Albert-Xavier-Émile Mathiez (/fr/; 10 January 1874 – 26 February 1932) was a French historian, best known for his Marxist interpretation of the French Revolution. Mathiez emphasized class conflict. He argued that 1789 pitted the bourgeoisie against the aristocracy and then the Revolution pitted the bourgeoisie against the sans-culottes, who were a proletariat-in-the-making. Mathiez greatly influenced Georges Lefebvre and Albert Soboul in forming what came to be known as the orthodox Marxist interpretation of the Revolution. Mathiez admired Maximilien Robespierre, praised the Reign of Terror and did not extend complete sympathy to the struggle of the proletariat.

== Career ==
Mathiez came from a peasant family in Eastern France, being born in La Bruyère, Haute-Saône. He showed high intelligence as a young student, with a strong interest in history. He entered the École Normale Supérieure in 1894, by which time he had already displayed a strong anti-clerical bias. After graduation, he passed the aggregation in history and after doing his military service entered the teaching profession. He taught at a variety of local lycèes until he completed his doctorate which he wrote under the direction of François Victor Alphonse Aulard, then the leading historian of the Revolution, who admired Georges Danton. Mathiez was greatly influenced by Jean Jaurès, who propounded a more radical economic and social interpretation. At first a good friend of Aulard, he broke with his mentor in 1907, founding his own society, the Société des études robespierristes, with its journal, the Annales révolutionnaires. He also moved up from the lycée to the university level, teaching at Besançon and Dijon.

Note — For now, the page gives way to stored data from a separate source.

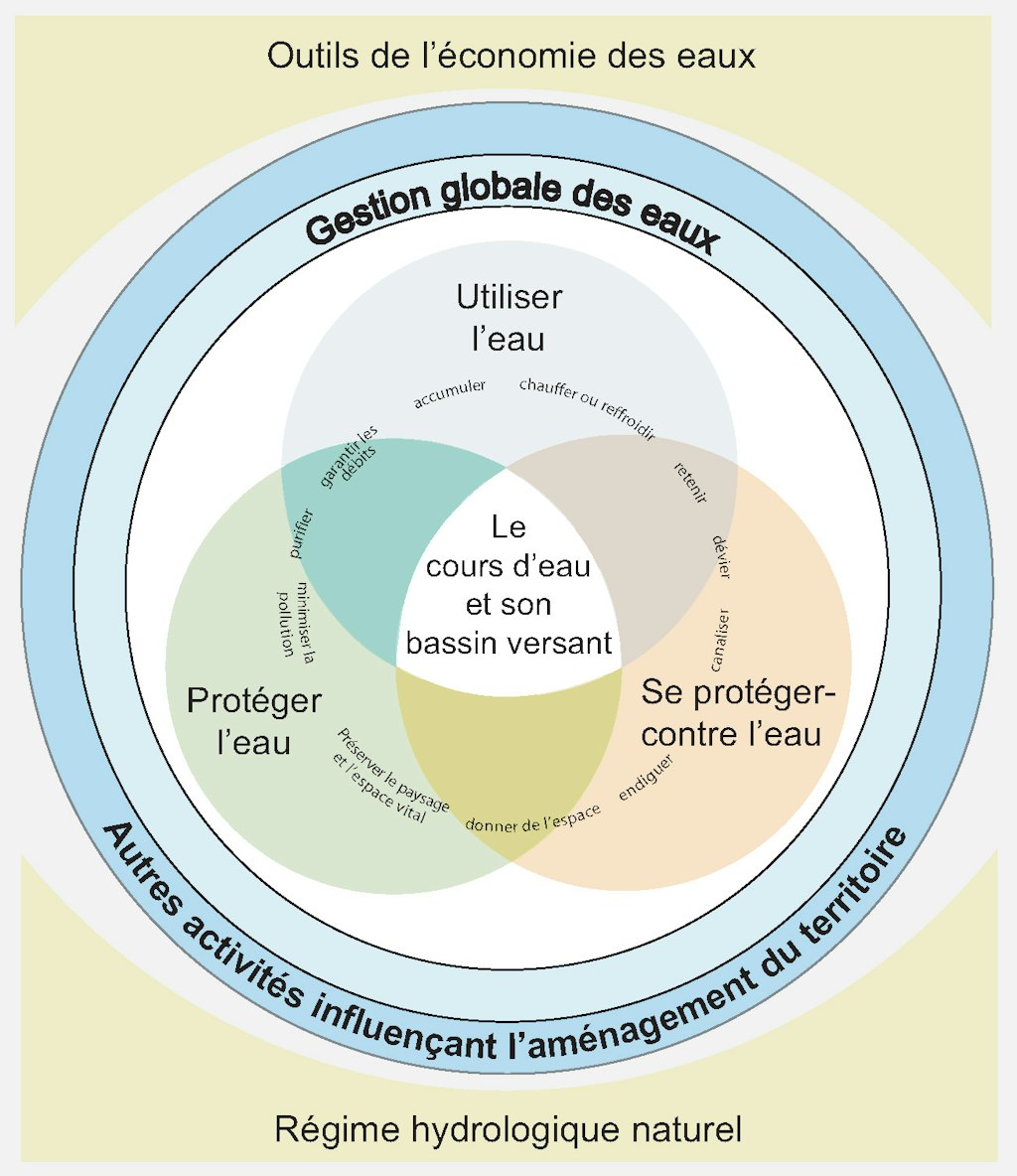 Souvent l'on a confondu la notion de gestion des eaux avec celle, très restrictive, d'exploitation économique de l'eau. D'importants progrès ont été réalisés au cours des 50 à 100 dernières années dans les différents secteurs de la gestion des eaux. La propension à faire valoir dans ce domaine des intérêts particuliers sans tenir compte d'autres objectifs légitimes appartient désormais au passé. Il apparaît aujourd'hui que les problèmes qui se poseront à l'avenir, notamment en raison des changements climatiques, d'une utilisation accrue de la force hydraulique ou des nouvelles formes de pollution, requièrent une approche non plus sectorielle, mais globale.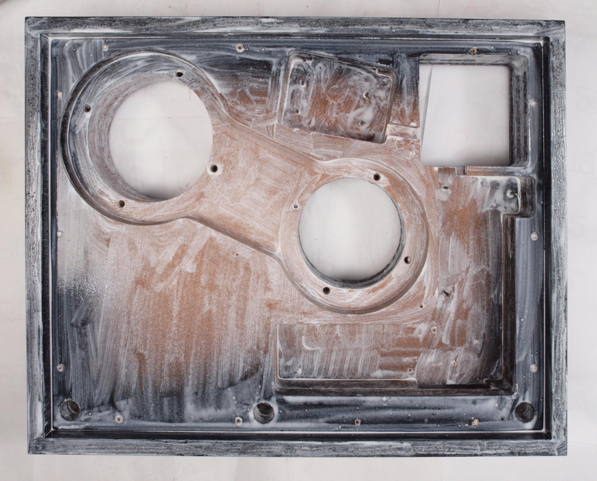 W26. 修理後 モーター取付穴、タンテーブル軸受取付穴、反対側。 更にペンキを塗る。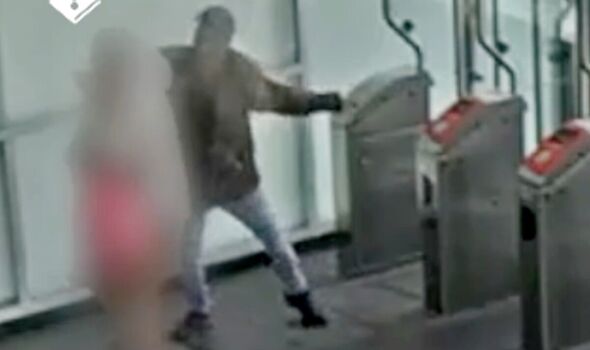 The woman was hit hard over of the head by the man who followed her through the ticket gates.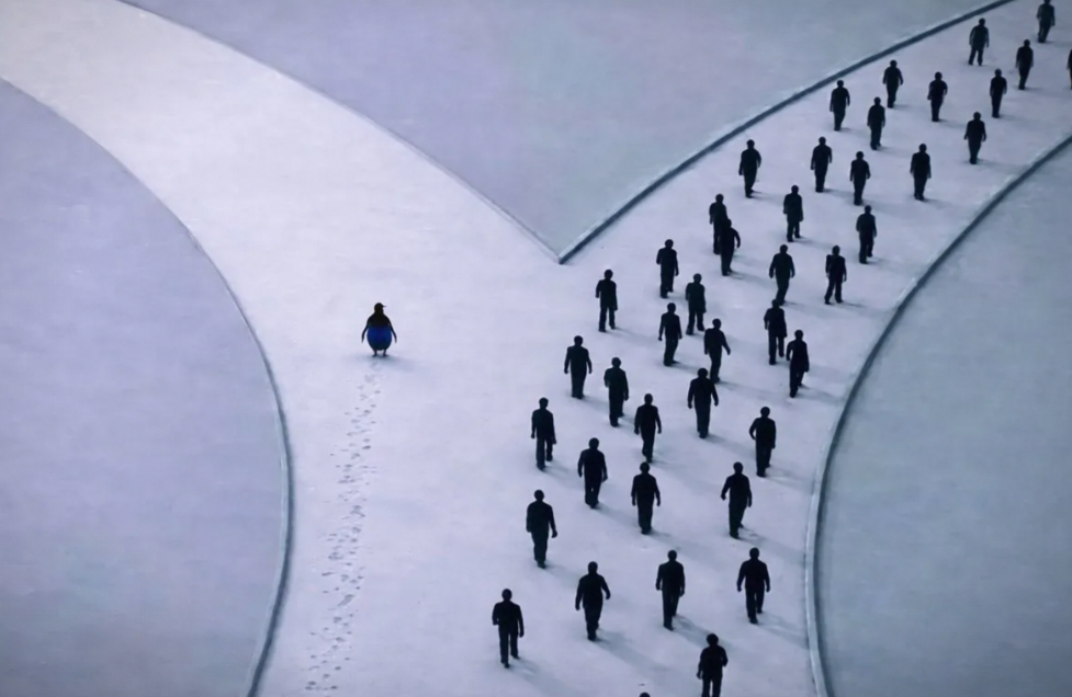 The origin of Nietzschean Penguin traces back to a scene from a 2007 documentary showing a penguin separating from its colony and walking alone toward the unknown. Over time, this scene evolved into a powerful internet metaphor symbolizing the individual’s departure from the herd.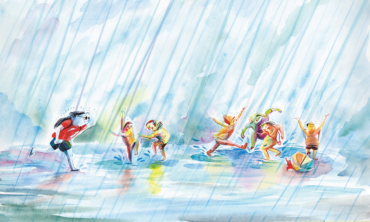 그러나 소재가 소재인지라 『여름,』은 그림에 더 집중해야 했다. 여러 재료를 시도해가면서 재미와 친근감을 줄 수 있는 기법을 찾아 나갔다. 하지만 더미를 여러 번 고치면서도 마지막까지 해결되지 않았던 문제는 ‘재미’였다. 서사 구조가 분명한 이야기도 아니고 주인공 없이 여름의 단편적인 풍경과 인상만을 나열하다 보니 나타나는 난관이었다.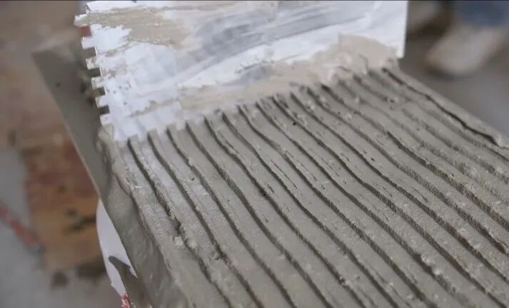 将搅拌均匀的瓷砖粘结剂,用齿型抹刀的直面,用力均匀批刮至墙面基层上。再用齿刀的齿面批刮纹路,使其均匀饱满。

Earlier a pacifist, Mathiez developed into a nationalistic Jacobin after the World War I erupted in 1914. He used his scholarship on the Revolution to demonstrate that just as Revolutionary France had defeated the allied coalition in the 1790s, so too the Third Republic would triumph over Imperial Germany. With its serious economic and social stresses such as shortages of food and rationing, the war prompted him to study similar conditions during the Revolution. The eventual result was one of his most original works, La Vie chère et le movement social sous la Terreur (1927).

In his masterwork La Révolution française (3 vol. 1922–1924), Mathiez boldly made Maximilien Robespierre the hero. Émile Durkheim's work in the sociology of religion influenced his interpretation of the 1790s.

Mathiez saw the French Revolution as the critical first stage in a proletarian advance that would gather strength in the revolutions of 1848, the Paris Commune of 1871 and the Russian revolts of 1905 and reached its highest point during the 1917 Bolshevik Revolution in Russia which created a dictatorship in the name of the proletariat.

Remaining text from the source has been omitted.